EXERCISE REQUIREMENTS:
Show every line in the records below that contains the word "left".
____
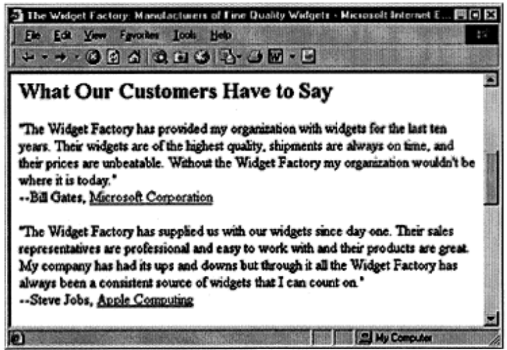
Figure 4-3: Anchor tags link text to other Web sites.

If you click on these hyperlinks, they should take you to the Microsoft and Apple Web sites, respectively.
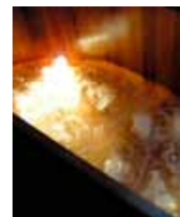
WW K + UWS
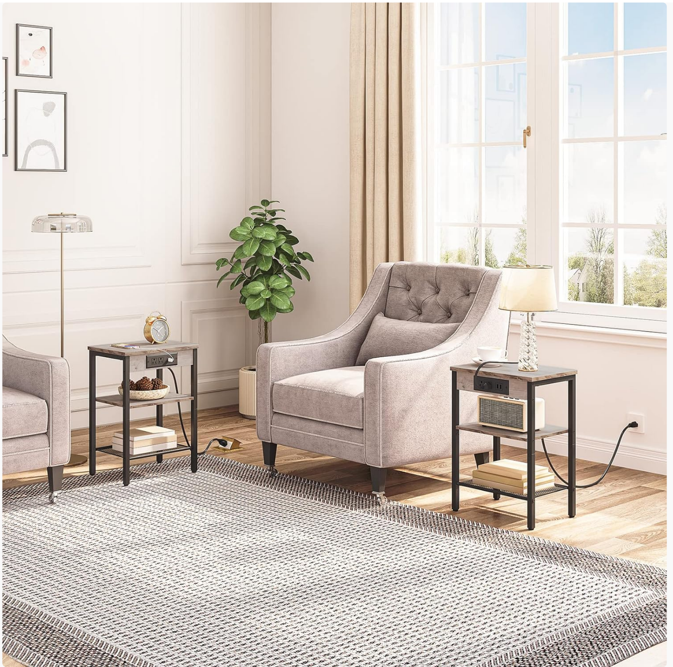
Image: An end table with an integrated charging station placed next to an armchair, showing its utility for charging devices.
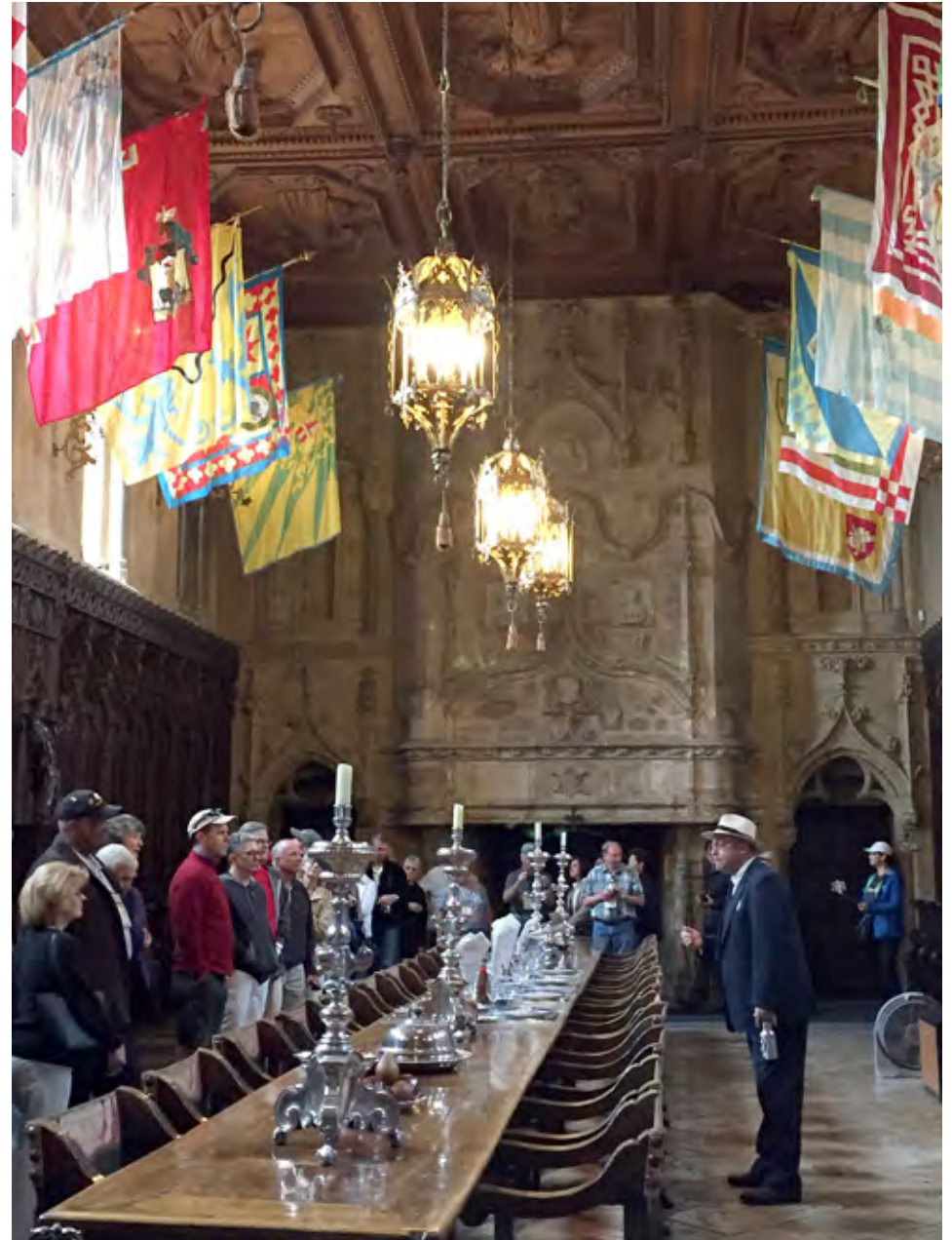
To the left, the view became spectacular once the fog lifted. Above, the dining(?) room with an assortment of various horse racing flags.
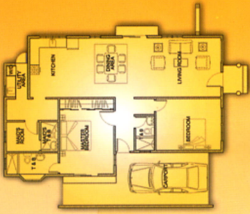
Ground Floor Layout Option B

138 sq. m./ 1,485 sq. ft. 300 sq. m./ 3,229 sq. ft. 13 meters 19 meters
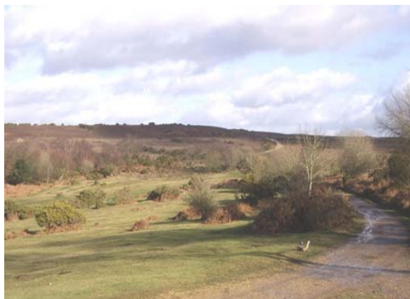
Abbotswell cycle track

The current Public Access map shows a network of 26 Footpaths and 19 Bridleways, around half of these correspond to tracks and paths shown on the Tithe map, There is one cycle track from Abbotswell to Fritham. The possibility of a safe route from the Parish to Fordingbridge, for walkers and cyclists, is currently being considered.
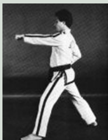
8. Move the left foot to A forming a left walking stance toward A while executing a middle punch to A with the left fist.
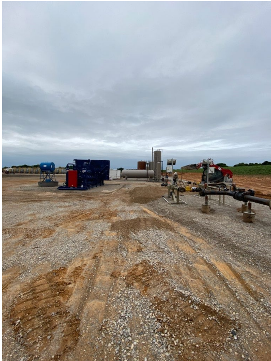
Figure 1. Plumbing in of surface production facilities
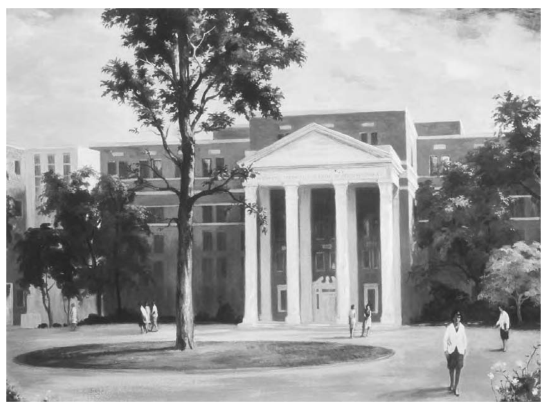
Medical College of Pennsylvania

vania. In 1969, it became coeducational. During the 1920s and 1930s it was the only medical college for women that survived. Struggling financially at times, it stayed a course that would ensure a permanent place in Philadelphia history and in the history of women in medicine around the world.
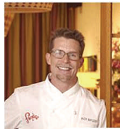
Award Winning Chef, Oklahoma Native www.fronterakitchens.com

At the event, Chef Bayless addressed the guests and spoke about his commitment to locally produced ingredients, about his love of the pleasures of the table and his life-long enthusiasm for the "food of a place". He described growing up in a family that ran an Oklahoma City barbecue restaurant and how, from his earliest experiences of shopping for ingredients with his father, he saw the value of locally produced, high quality ingredients. Chef Bayless truly inspired the group with his stories about how recipes are full of history, emotion and a sense of family.
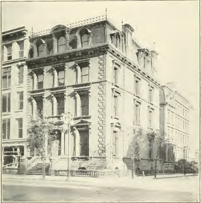
RESIDENCE OF JAY GOULD, 759 Fifth Avenue, New York.
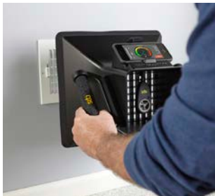
Up to 12" x 12" vents
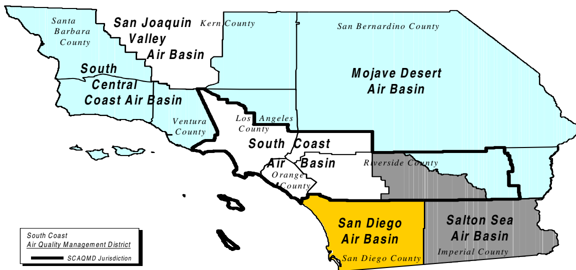
Figure 1-1 Boundaries of the South Coast Air Quality Management District

Riverside County and the SSAB and is bounded by the San Jacinto Mountains to the west and the eastern boundary of the Coachella Valley to the east (Figure 1-1).
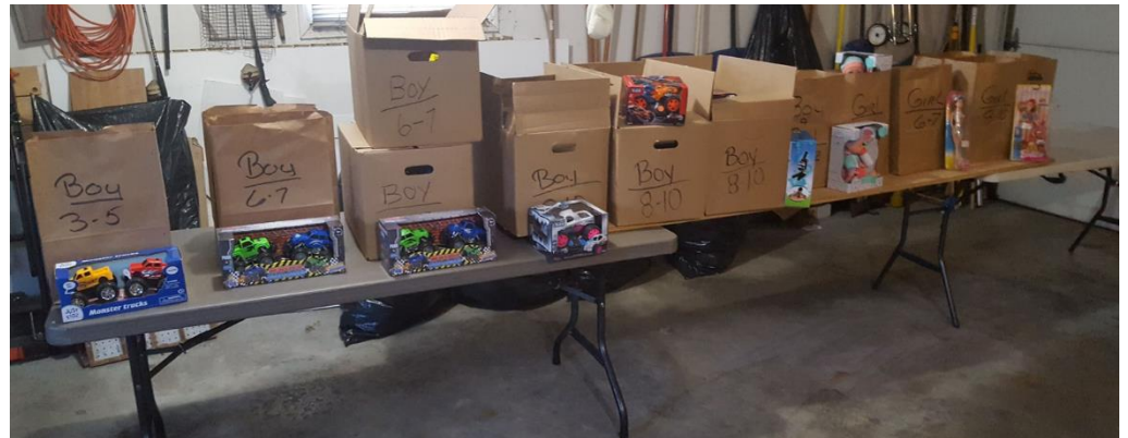
Boxes of toys from Carlisle Marine Toys for Tots Campaign
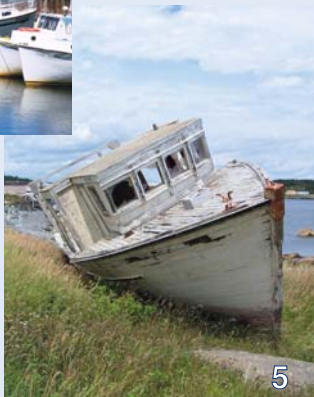
Top photo: Quidividi Village
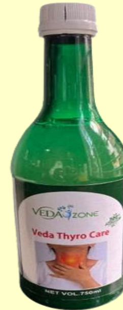
Veda Thyro Care Rs.1200/- (600 BV)
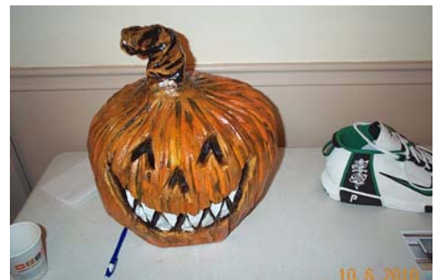
Finished Pumpkin by Mike Higgins
____
EXERCISE RESPONSE:
To the left, the view became spectacular once the fog lifted. Above, the dining(?) room with an assortment of various horse racing flags.
8. Move the left foot to A forming a left walking stance toward A while executing a middle punch to A with the left fist.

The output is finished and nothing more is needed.